Ancak daha sonra polis, suçlunun izini sürmeyi başaramadı. Ama kardeşi Maurice'i bulmayı başardılar. Bir akrabasının suç faaliyetleri hakkında hiçbir fikri yoktu (birçok sorgulama bunu doğruladı) ve sadece Marcel adına eşyalarını bazı arkadaşlarına götürdüğünü söyledi. Böylece gardiyanlar Petiot'un suç ortaklarına gitti. Ama onların da bir anlamı yoktu, Marcel'in ne yaptığı hakkında hiçbir fikirleri yoktu. Fransızlar, insanların denizaşırı Nazilerden saklanmasına gerçekten yardım ettiğine inanıyordu.

Ancak gardiyanlar teslim olmayacaktı. Her fırsatta karşılaştıkları zorluklara rağmen seri katilin davasını çözmeye çalışmaya devam ettiler. Soruşturmanın konusu, polisi, Almanların ya yok etmeyi başaramadığı ya da basitçe unuttukları Gestapo arşivine götürdü. Polis, ünlü Ivan Dreyfus'un sorgulama protokollerini buldu. Onlar sayesinde Dr. Eugene kisvesi altında saklanan kişinin Petiot olduğunu kanıtlayabildiler.

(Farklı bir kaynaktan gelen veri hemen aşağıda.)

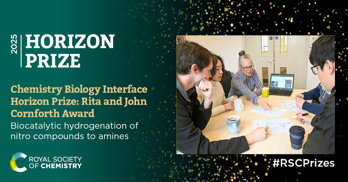 Download celebratory graphic2025 Chemistry Biology Interface Horizon Prize: awarded for the development of an industrially-applicable hydrogenase for mild and selective hydrogenation of nitro compounds to amines.

Katilin aranması tüm Fransa'yı sardı. Ekim 1944'ün sonunda, Paris yakınlarındaki banliyö istasyonlarından birinde polis, kimlik kontrolü sırasında bir adamı durdurdu. Belgelere göre adı, eski bir asker ve Direniş üyesi olan Henri Valerie Watterwald'dı. Ancak Watterwald'ın görünüşü ve davranışı gardiyanlar arasında şüphe uyandırdı. Kontrol ettikten sonra sıradan jandarmaların kanlı doktoru yakalamayı başardığı ortaya çıktı.

Petiot, sorgulamalar sırasında kendinden emin davrandı. Doktor Direniş hakkında bir çizgi çizerek polisi onun yalnızca Almanları ve Fransa'ya ihanet edenleri öldürdüğüne ikna etmeye çalıştı. Marcel ayrıca, "vatan düşmanı" statüsüne rağmen, onları olabildiğince insanca hayatlarından mahrum ettiğini söyledi: ya zehir enjekte etti ya da kahveye zehir ekledi.

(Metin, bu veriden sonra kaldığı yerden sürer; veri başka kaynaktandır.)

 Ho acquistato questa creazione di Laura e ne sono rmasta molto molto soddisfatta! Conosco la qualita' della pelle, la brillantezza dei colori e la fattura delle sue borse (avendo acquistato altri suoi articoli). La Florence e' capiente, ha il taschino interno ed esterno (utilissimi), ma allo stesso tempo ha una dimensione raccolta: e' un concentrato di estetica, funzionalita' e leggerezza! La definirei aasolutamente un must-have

Ancak bu, Fransız "serisini" kurtarmadı. Soruşturma 26 kişinin öldürüldüğünü kanıtladı. Sonuç, giyotin yardımıyla ölüm cezasıdır. Karar, yalnızca Mayıs 1946'nın sonunda gerçekleştirildi. Ancak polis, doktorun kaç kişiyi öldürdüğünü bulamadı. En muhafazakar tahminlere göre, 63 kurbanın elinde kan var.

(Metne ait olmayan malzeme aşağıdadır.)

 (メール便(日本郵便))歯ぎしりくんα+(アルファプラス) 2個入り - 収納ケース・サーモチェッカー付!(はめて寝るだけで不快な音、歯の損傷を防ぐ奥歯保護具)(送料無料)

Duruşma devam ederken, Fransız medyası katil hakkında haberler yayınladı. Ve her birinde yeni bir takma adı vardı: "Parisli kasap", "Rue Leser'den canavar" ve diğerleri. Ama yine de asıl takma ad "Doktor Şeytan" idi. Fransa'nın suç tarihine bu isim altında girdi.